§ TASK PROMPT:
Every line below between the one holding "横田さん(38年卒)による乾杯 | |||" and the one holding "Do đó, tranh", inclusive, should be copied exactly, and no other line.

§ INPUT FOR THIS TASK:
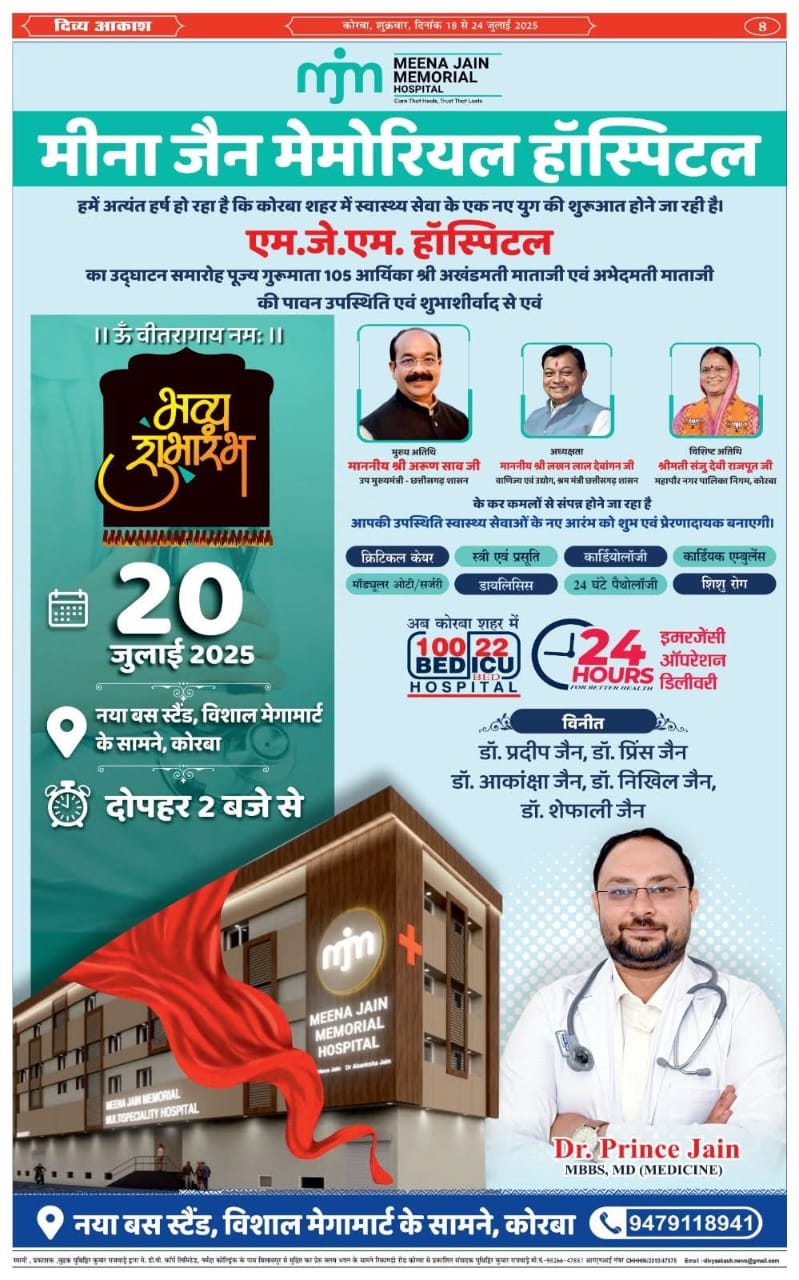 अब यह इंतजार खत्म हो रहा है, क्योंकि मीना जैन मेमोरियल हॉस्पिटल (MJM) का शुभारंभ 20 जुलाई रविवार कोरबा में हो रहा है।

...

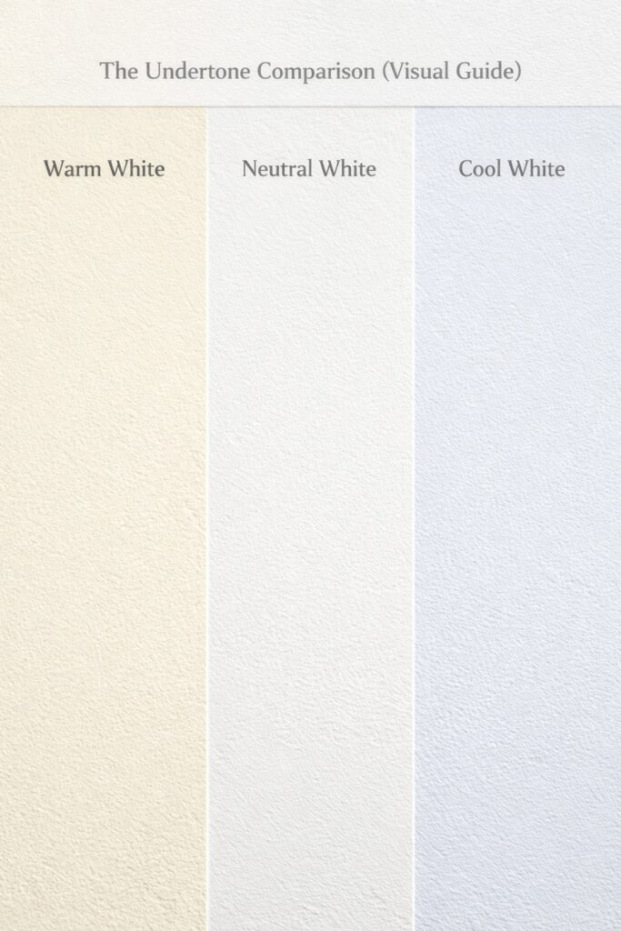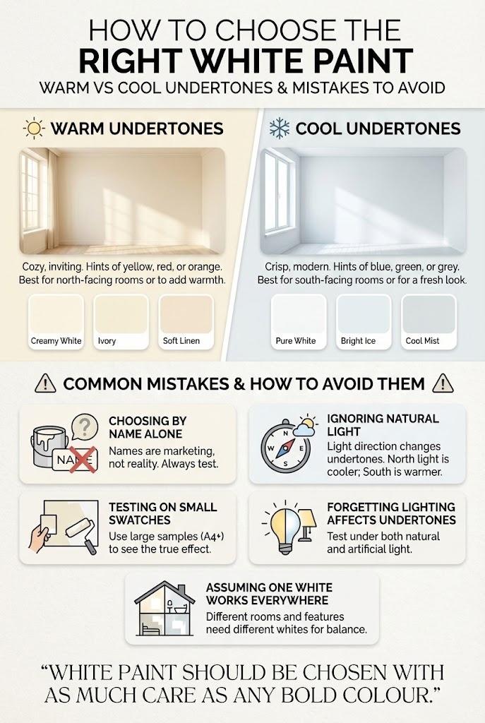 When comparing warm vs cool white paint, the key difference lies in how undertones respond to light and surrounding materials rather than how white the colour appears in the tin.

* * *

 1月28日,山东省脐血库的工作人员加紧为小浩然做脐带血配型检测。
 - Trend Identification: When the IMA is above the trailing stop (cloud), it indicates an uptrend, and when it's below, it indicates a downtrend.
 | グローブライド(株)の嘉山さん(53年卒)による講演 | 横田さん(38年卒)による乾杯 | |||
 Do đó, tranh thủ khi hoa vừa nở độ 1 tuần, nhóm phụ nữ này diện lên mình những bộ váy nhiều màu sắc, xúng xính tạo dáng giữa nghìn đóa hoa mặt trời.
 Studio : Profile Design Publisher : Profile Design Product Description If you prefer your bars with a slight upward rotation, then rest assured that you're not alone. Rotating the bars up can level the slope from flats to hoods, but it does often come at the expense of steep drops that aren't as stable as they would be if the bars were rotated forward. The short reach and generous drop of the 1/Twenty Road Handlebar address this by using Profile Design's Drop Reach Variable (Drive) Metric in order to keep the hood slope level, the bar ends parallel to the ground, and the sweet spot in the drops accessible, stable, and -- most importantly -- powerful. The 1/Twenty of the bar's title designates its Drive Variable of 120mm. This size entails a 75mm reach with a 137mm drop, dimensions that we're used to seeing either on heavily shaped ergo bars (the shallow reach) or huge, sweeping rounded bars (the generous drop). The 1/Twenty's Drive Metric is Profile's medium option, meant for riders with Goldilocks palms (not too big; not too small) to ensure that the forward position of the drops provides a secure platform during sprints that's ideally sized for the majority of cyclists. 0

§ SOLUTION:
 | グローブライド(株)の嘉山さん(53年卒)による講演 | 横田さん(38年卒)による乾杯 | |||
 Do đó, tranh thủ khi hoa vừa nở độ 1 tuần, nhóm phụ nữ này diện lên mình những bộ váy nhiều màu sắc, xúng xính tạo dáng giữa nghìn đóa hoa mặt trời.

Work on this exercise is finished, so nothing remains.